Las plazas a las que todos vamos

De niños, la plaza tenía el encanto del juego, el del alboroto esporádico, las rodillas en carne viva por las caídas, los codos igual de arrasados tras hacer trizas el jersey. De chiquillos imberbes, el de ver pasar a la gente, el del primer pitillo –y todos los que le siguieron–, el del primer arrumaco y el primer desengaño. De jóvenes, la poesía de las noches de primavera y verano, cuando el atardecer no era final sino principio. Ahora, de mayores, tienen las plazas ese otro arrullo –por persistente–, repleto de sirenas, gritos y alboroto para el que nunca, tal vez, estuvimos preparados, o al menos ya no recordábamos cuando lo estuvimos por última vez.
Las plazas son las mismas en todo el mundo, sean en Estambul o en Egipto, o aquí, en el terruño cercano, el de Armas o en el Obelisco. Pasan, como en casi todas, coches a su alrededor y tiene las horas repartidas, con suerte, entre el alborozo infantil y el rugir fabril, el de la protesta, el de los campamentos improvisadamente abarrotados. Las plazas, tan delimitadas hace tiempo, dan sin embargo ahora la sensación de que se convierten en ciudades, que es como decir que toda la urbe es una plaza, que es en resumen donde bulle todo lo necesario. No hay delimitación, sobre todo cuando permanecen eternamente inacabadas, pero es ahí, en esos contornos habitualmente redondos, ocasionalmente cuadrados y más de lo habitual irregulares adaptaciones a la fisionomía urbanística, en donde la ebullición alcanza su máximo grado.

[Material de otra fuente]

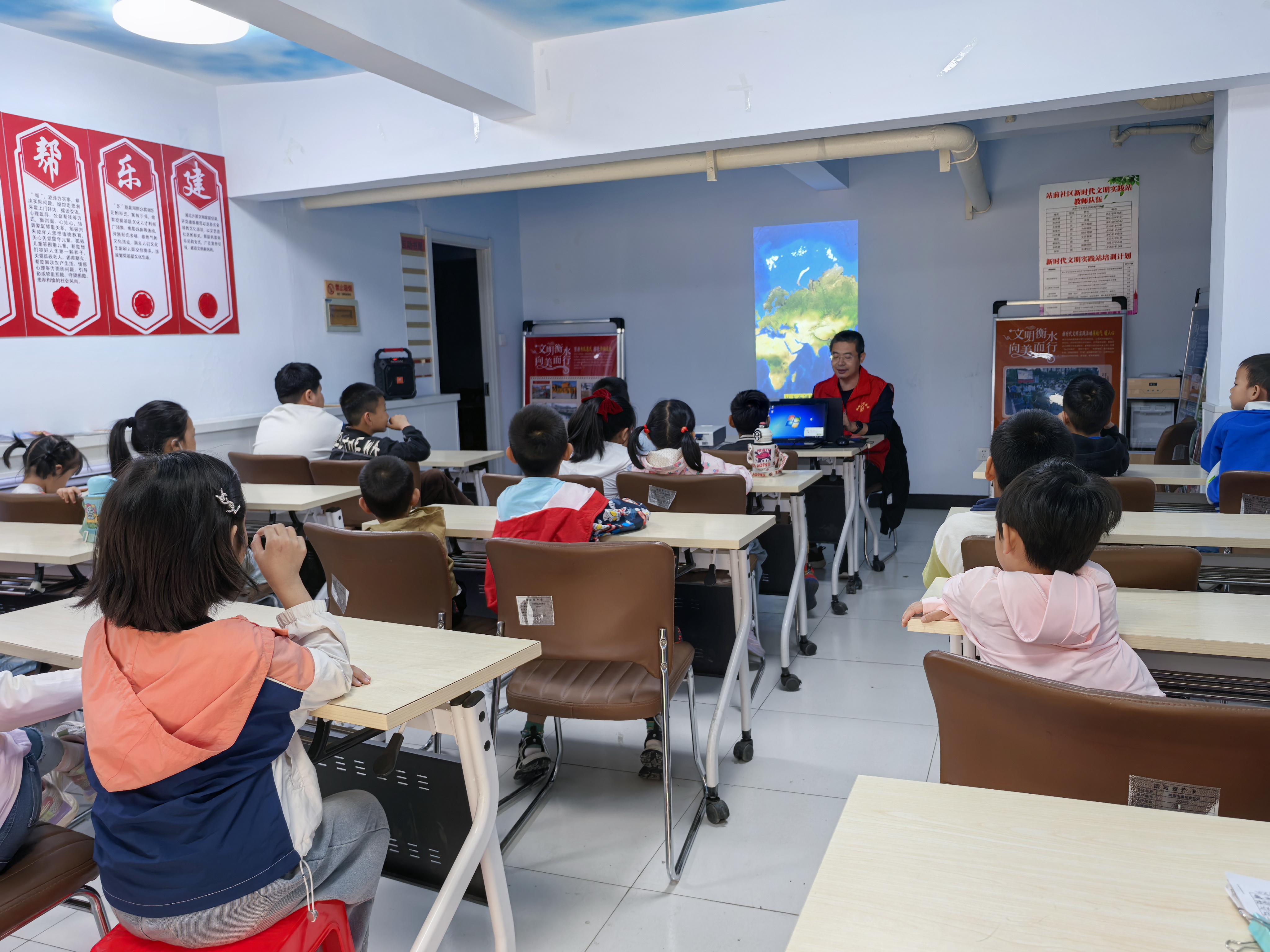 “原来北极航线比传统航线近这么多!”“地图真的会‘骗人’啊!”……5月24日上午,衡水市桃城区河西街道站前社区新时代文明实践站内欢呼声阵阵,包含5名困境儿童在内的20余名儿童,紧盯着屏幕上旋转的地球模型,此起彼伏地感叹着。这是河西街道为辖区困境儿童量身打造的“物质+服务”系列公益项目的第三场活动。
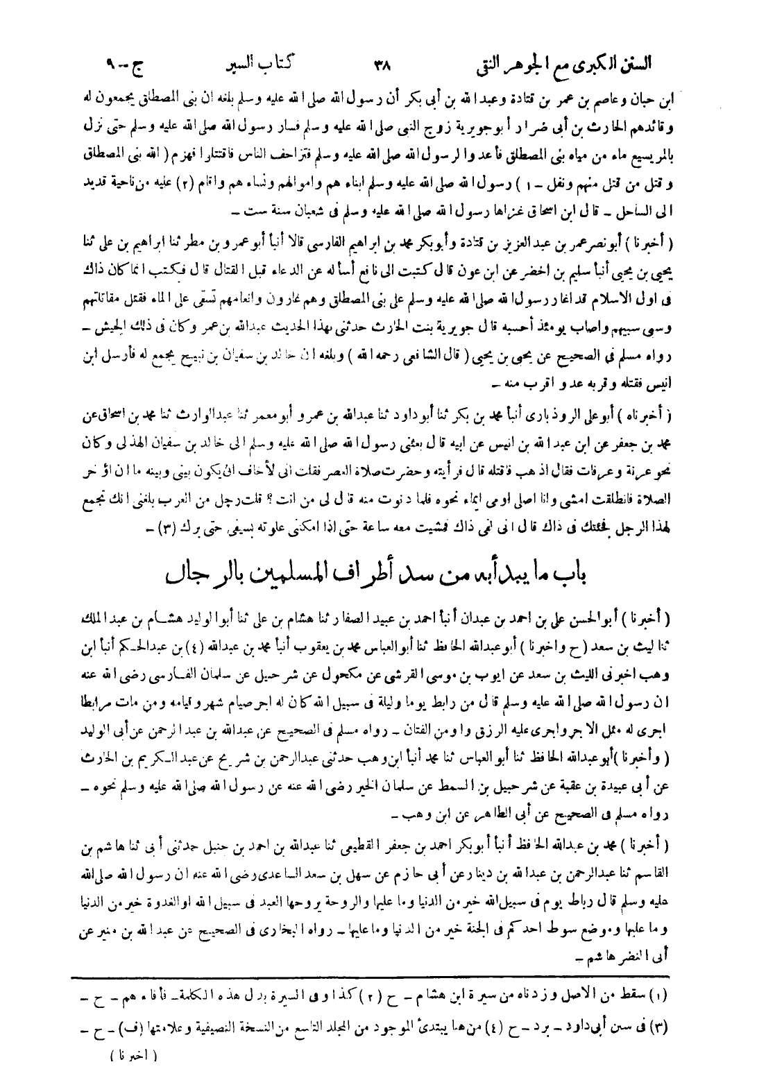 - (أخبرنا) أبو نصر عمر بن عبد العزيز بن قتادة وأبو بكر محمد بن ابراهيم الفارسى قالا أنبأ أبو عمرو بن مطر ثنا ابراهيم بن على ثنا يحيى بن يحيى أنبأ سليم بن اخضر عن ابن عون قال كتبت إلى نافع أسأله عن الدعاء قبل القتال قال فكتب انما كان ذاك في اول الاسلام قد اغار رسول الله صلى الله عليه وسلم على بنى المصطلق وهم غارون وانعامهم تسقى على الماء فقتل مقاتلتهم وسبى سبيهم واصاب يومئذ أحسبه قال جويرية بنت الحارث حدثنى بهذا الحديث عبد الله بن عمر وكان في ذلك الجيش - رواه مسلم في الصحيح عن يحيى بن يحيى

Tal vez no recordemos cómo se llaman las plazas de Ferrol, de A Coruña, de Lugo, de Madrid, de Barcelona, de Turquía, Libia, Túnez, Egipto o China, pero sabemos ahora que existen porque de ellas parte lo que somos, incluso para los foráneos.
Son, ahora más que nunca, receptáculos de indignación, constancia en definitiva de los que no están en ellas por desidia o por simple arribismo. Pero sobre todo están llenas incluso cuando permanecen vacías, cuando no hay nadie que las atraviese a media tarde, ya anochecida. Están tan solitarias que incluso se echa en falta el vocerío en otras horas molesto, simplemente porque no hay día, o casi ninguno, que no las recorra el último recurso contra la indiferencia, contra la ausencia de soluciones, contra la vulgaridad a la que parece querer someternos todo cuanto no pedimos, o al menos nunca deseamos, sino que nos fue impuesto.
Son las plazas a las que todos vamos, queramos o no, porque no hay calle, por mucho que se trate de evitar, que de un modo u otro, no conduzca a ellas. Son, contrariamente a lo que deberían ser –de acogimiento–, espacios de desolación, sobre todo mental, que es lo último que pierde el cuerpo cuando este ya no respira o no se estremece. Son, ahora, esas plazas a las que nunca quisimos ir.